Lagstein v Certain Underwriters at Lloyd’s London, 2010 US App LEXIS 11836 (9th Cir 2010)-An arbitration award may not be vacated simply because the court disagrees with its size.
 
Vacatur-Timeliness
Oaktree Capital Management v. Bernard, 182 Cal App 4th 60, 67-68, 106 Cal Rptr 3d 16  (2010)- A response requesting that an award be vacated or corrected shall be served and filed not later than 100 days after the service of a signed copy of the award. A response to a motion to confirm (which would include a motion to vacate) must be served within ten days after service of the petition. The latter requirement shortens the 100 day period.
Waiver of Arbitration
Roman v.
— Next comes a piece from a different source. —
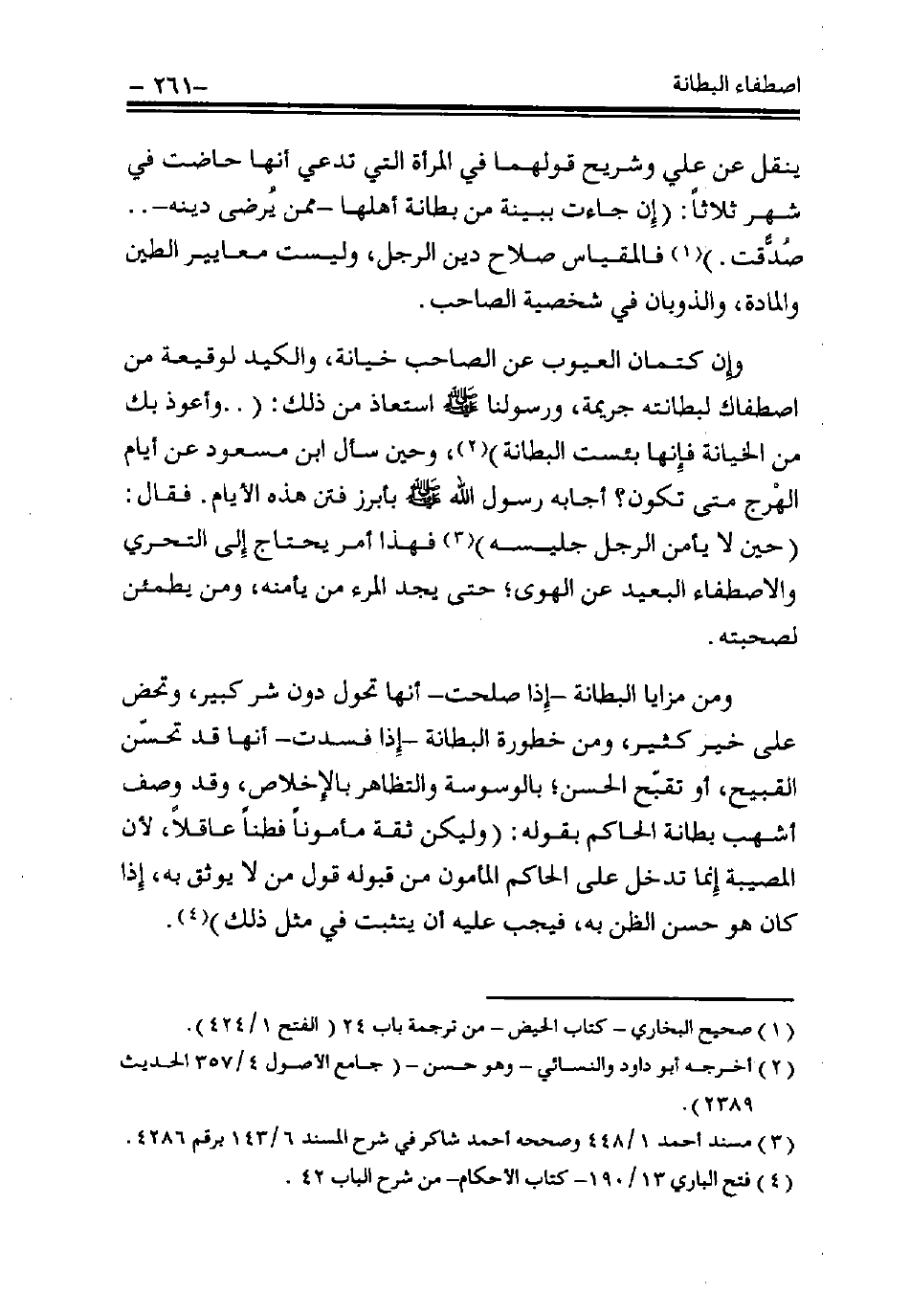 ينقل عن علي وشريح قولهما في المرأة التي تدعي أنها حاضت في شهر ثلاثًا: (إن جاءت ببينة من بطانة أهلها - ممن يرضي دينه - .. صدقت.) (¬1)، فالمقياس صلاح دين الرجل، وليست معايير الطين والمادة، والذوبان في شخصية الصاحب.

Superior Court, 172 Cal App 4th 1462, 1479, 92 Cal Rptr 3d 153 (2009)-Defendant herein did not file a motion to compel arbitration until after it filed a demurrer and requests for production of documents. At that point, there was no ruling on the demurrer nor were there responses to the document requests. Claimant asserted that there was a waiver of arbitration because she had incurred legal fees responding to the demurrer and reviewing the document request. The court held that these expenses were insufficient by themselves to support a finding of waiver. Waiver does not occur by mere participation in litigation if there has been no judicial litigation of the merits of arbitrable issues and no prejudice.
Adolph v Coastal Auto Sales, Inc., 2010 Cal App LEXIS 749, 184 Cal App 4th 1443
 (2010)-Plaintiff filed suit against defendant in July 2008. Defendant demurred to the complaint in August and the demurrer was sustained. Plaintiff filed an amended complaint in September and defendant demurred in October. In the interim, plaintiff filed notices of depositions of defendant’s officers but defendant’s counsel averred that they were unavailable and did not provide dates of availability. Defendant was equally uncooperative with respect to plaintiff’s discovery requests, forcing plaintiff to file two meet and confer letters. After the demurrer to the amended complaint was denied in December, defendant produced an arbitration agreement but plaintiff declined to arbitrate. On January 28, three months before trial, defendant moved to compel arbitration. The trial court ruled that defendant had waived arbitration and the Court of Appeal affirmed. Defendant repeatedly used the court proceedings for its own purposes (filing demurrers) while steadfastly remaining uncooperative with a plaintiff who wished to use the proceedings for its purposes (taking depositions) all the while not breathing a word about the existence of an arbitration agreement. Arbitration is a speedy and relatively inexpensive means of dispute resolution. That goal was frustrated by defendant’s conduct.